Последнего испытания", и в итоге пришла к выводу, что вести разговор придется от
Tanz der Vampire и
Elisabeth. На просторах своего дневника я уже не раз восхищалась талантом Михаэля Кунце, создающего в своих текстах такие многогранные системы образов, задающих спектаклю совсем иную планку (не говоря уже о том, что театру, на мой взгляд, всегда должна быть присуща определенная символичность и иносказательность).
Так вот, на символическом уровне ПИ этим двум мюзиклам ничуть не уступает.
Классическая тема неутолимого человеческого голода по чему-либо (зачастую человек сам не понимает, по чему: так Элизабет ищет свободу, на самом деле желая покоя, а Рейстлин божественной властью пытается заменить человеческое тепло и любовь) и Бездны, которая манит исполнением мечты, но одновременно страшит тем самым "последним испытанием", которое определит: сумеет ли человек не только прозреть, но и заслужить свой покой (уже в терминологии "Мастера и Маргариты", которым, боюсь, не суждено обрести достойное мюзикловое воплощение). При таком уровне архетипичности образов и сюжета ПИ каноничность образов для меня заключается в соответствии уже не книгам-первоисточникам, а либретто самого мюзикла.

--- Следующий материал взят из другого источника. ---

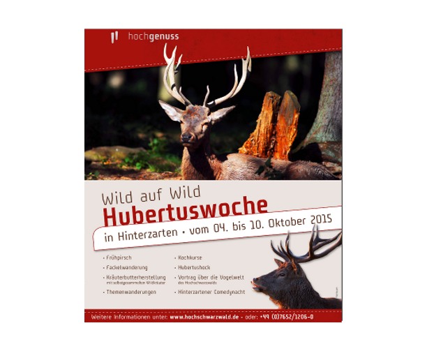 Unter dem Motto "Wild auf Wild" veranstaltet die Hochschwarzwald Touristik GmbH (HTG) die diesjährige Hubertuswoche vom 04. bis 10. Oktober 2015 in Hinterzarten. Die Themen Wild, Natur und Jagd stehen im Mittelpunkt und viele unserer Förster und Jäger des Hegerings Hinterzarten-Breitnau-St. Märgen wirken mit. Am 4. Oktober gestalten die Jagdhornbläser St. Märgen zusammen mit dem Männergesangverein St. Märgen die Euchariistiefeier in Hinterzarten um 10:30 Uhr mit ihrer Jagdhornmesse mit.
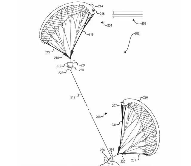 它被 Facebook 称为「双风筝飞行器」。根据 5 月 31 日公布的专利内容,这次无人机将会被连接到两只风筝上,两个风筝装置之间由一根一公里长的系绳连接,每只风筝都可以独立定向,并漂浮在不同的高度。
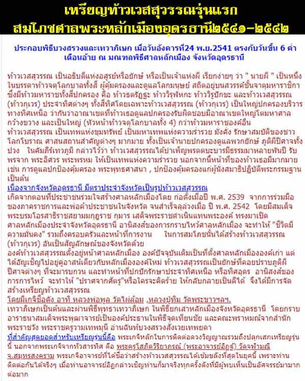 เหรียญท้าวเวสสุวรรณสมโภชศาลหลักเมืองจังหวัดอุดรธานี ปี2542 เนื้อสามกษัตริย์ กล่องเดิม |
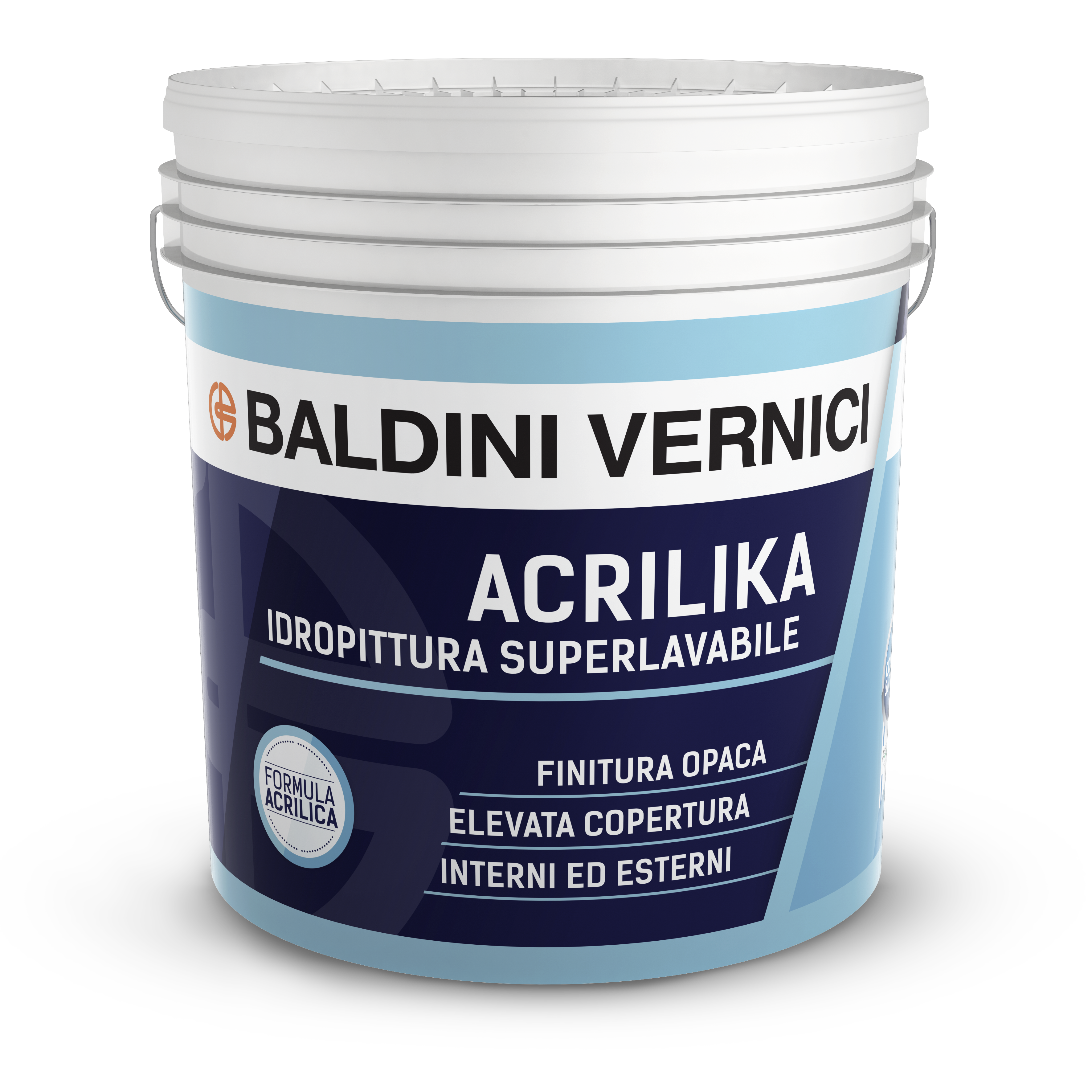 Acrilika è la nuova idropittura superlavabile di Baldini Vernici, con formulazione a base di resine acriliche in dispersione acquosa, pigmenti e cariche coprenti che la rendono il prodotto ideale per utilizzo in interno e anche in esterno. La finitura opaca e vellutata e un elevato potere coprente garantiscono risultati estetici di pregio. Colorabile con il sistema tintometrico Baldini Tecnicolor, può soddisfare i più disparati desideri in tema di scelta cromatica.

О сценическом воплощенииО сценическом воплощении
Но постановка - это не только исходные либретто и музыка. Заслуги Полины Меньших, ставившей спектакль (и танцующей, помимо прочего, партию Красной головы Всебесцветной - тот случай, где роль сыграна и без слов), сложно приуменьшить. ПИ - очень непростой для постановки материал, особенно для постановки, по сути, на энтузиазме и без масштабного финансирования со стороны. Тем радостнее тот факт, что режиссер сумела поставить это действо не только символично, без особой привязки к "мирским" декорациям, но и с определенной долей иронией. Последнее касается, в первую очередь, четвертой части спектакля - Бездны. Признаюсь честно, на премьере меня просто "вынесло". Но, минуточку, разве не такое впечатление фантасмагории и безумия должна оставлять Бездна, наполненная хаотическими сущностями, наваждениями, преследующими Рейстлина? Безусловно, не обошлось и без шероховатостей и сомнительных моментов, но они отшлифуются со временем, после нескольких прогонов.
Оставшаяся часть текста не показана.